TASK INSTRUCTIONS —
When you reach the line that contains "Im neobarocken Vestibül", set down that line and every one after it through the end of the records, exactly as written and with no pictures.

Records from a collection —
* * * * *
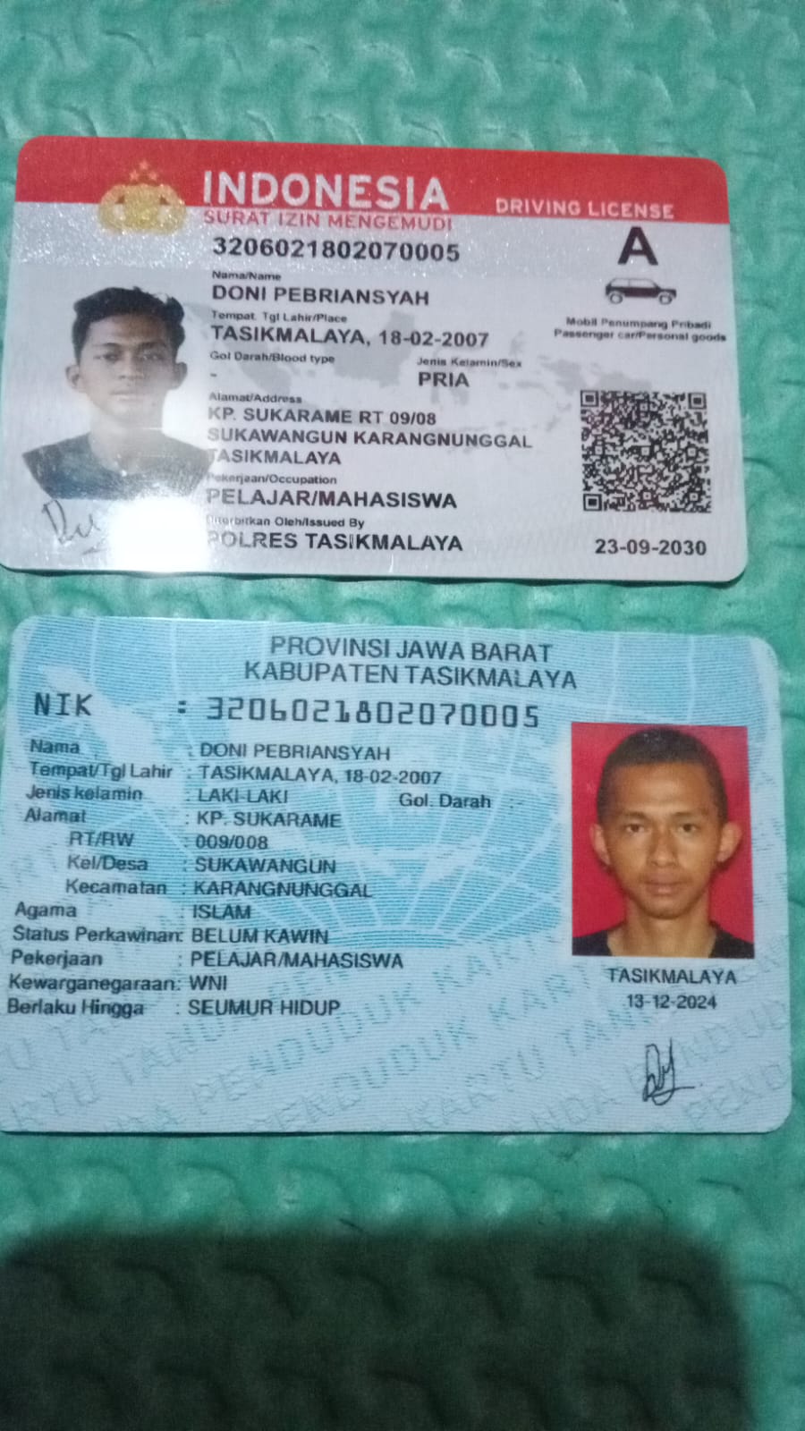 Ber isi satu buah sim A dan ktp A n : Doni pebriansyah
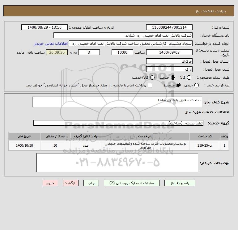 شرح کلی نیاز: ساخت مطابق با شرح تقاضا
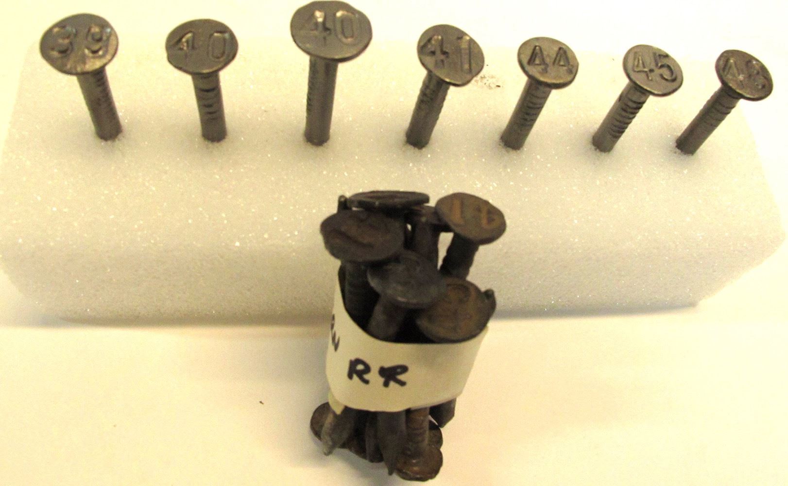 Date Nail Set from 8-mile shortline Yreka Western Railroad in CA that has operated from 1933 to date. This is a complete set and includes 7 steel nails with dates from 1939 to 1948. Includes 12 extra dates. Found along the railroad. Date: Location: California HWAC# 571905
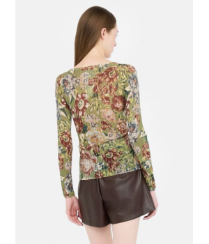 Jersey de punto canalé inglésHilos de mezcla de viscosaInserciones de lurex®Estampado por toda la prendaEscote de pico perfilado
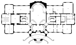 Im neobarocken Vestibül (damals Vestibule oder Flurhalle genannt) standen neben und über den Seitentüren antike Büsten, neben der Haupttür antike Reliefs auf kleinen verzierten antiken Postamenten. Das Vestibule war des Weiteren mit vier italienischen Fresken geschmückt, ideale Architekturstücke vom Anfang des 18. Jahrhunderts.
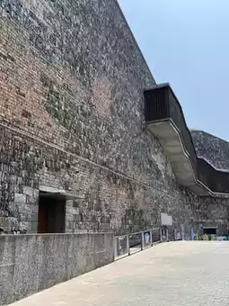 This time, I visited an exhibition in Lin'an, and the architecture itself is quite distinctive, designed by architect Wang Shu. The entrance, combined with the lush green mountains and waters behind it, gives off a particularly peaceful and natural vibe.
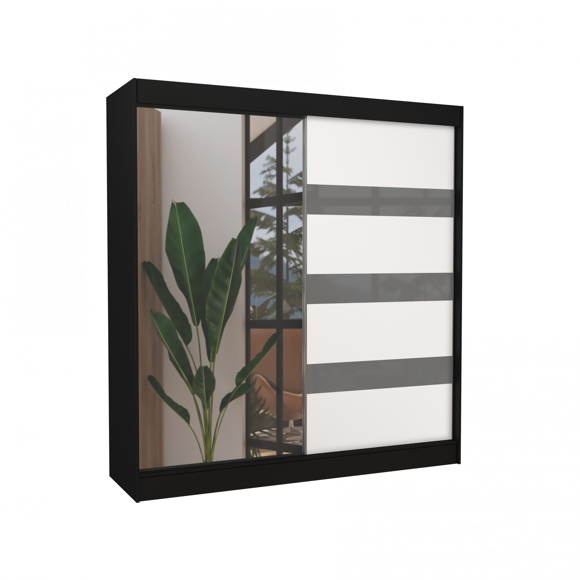 Tolóajtós szekrény tükörrel és lacobellel TOURA 200 Fekete+Fehér
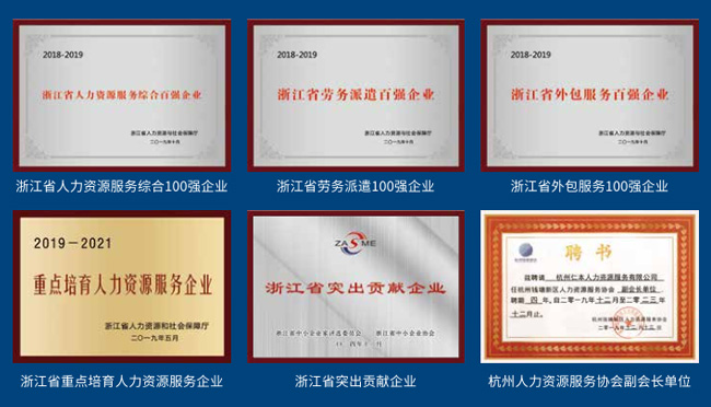 目前,與仁本公司結成戰(zhàn)略合作伙伴的企業(yè)有顧家家居、東華鏈條集團、春風控股、八佰伴、三花控股、中國旺旺、順豐速運、海螺集團、徽商銀行、三只松鼠、香飄飄集團、杭州師范大學等百家企業(yè),公司為浙江省中小企業(yè)人力資源輸送基地,榮獲浙江省突出貢獻企業(yè)獎,還先后被全國人力資源管理協(xié)會、浙江省、安徽省、杭州市、寧波市和宣城市等多家政府部門授予中國勞務派遣誠信單位、人才中介先進單位、和諧人事勞動關系先進單位等榮譽。
* * * * *
RESPONSE TO THE EXERCISE —
 Im neobarocken Vestibül (damals Vestibule oder Flurhalle genannt) standen neben und über den Seitentüren antike Büsten, neben der Haupttür antike Reliefs auf kleinen verzierten antiken Postamenten. Das Vestibule war des Weiteren mit vier italienischen Fresken geschmückt, ideale Architekturstücke vom Anfang des 18. Jahrhunderts.
 This time, I visited an exhibition in Lin'an, and the architecture itself is quite distinctive, designed by architect Wang Shu. The entrance, combined with the lush green mountains and waters behind it, gives off a particularly peaceful and natural vibe.
 Tolóajtós szekrény tükörrel és lacobellel TOURA 200 Fekete+Fehér
 目前,與仁本公司結成戰(zhàn)略合作伙伴的企業(yè)有顧家家居、東華鏈條集團、春風控股、八佰伴、三花控股、中國旺旺、順豐速運、海螺集團、徽商銀行、三只松鼠、香飄飄集團、杭州師范大學等百家企業(yè),公司為浙江省中小企業(yè)人力資源輸送基地,榮獲浙江省突出貢獻企業(yè)獎,還先后被全國人力資源管理協(xié)會、浙江省、安徽省、杭州市、寧波市和宣城市等多家政府部門授予中國勞務派遣誠信單位、人才中介先進單位、和諧人事勞動關系先進單位等榮譽。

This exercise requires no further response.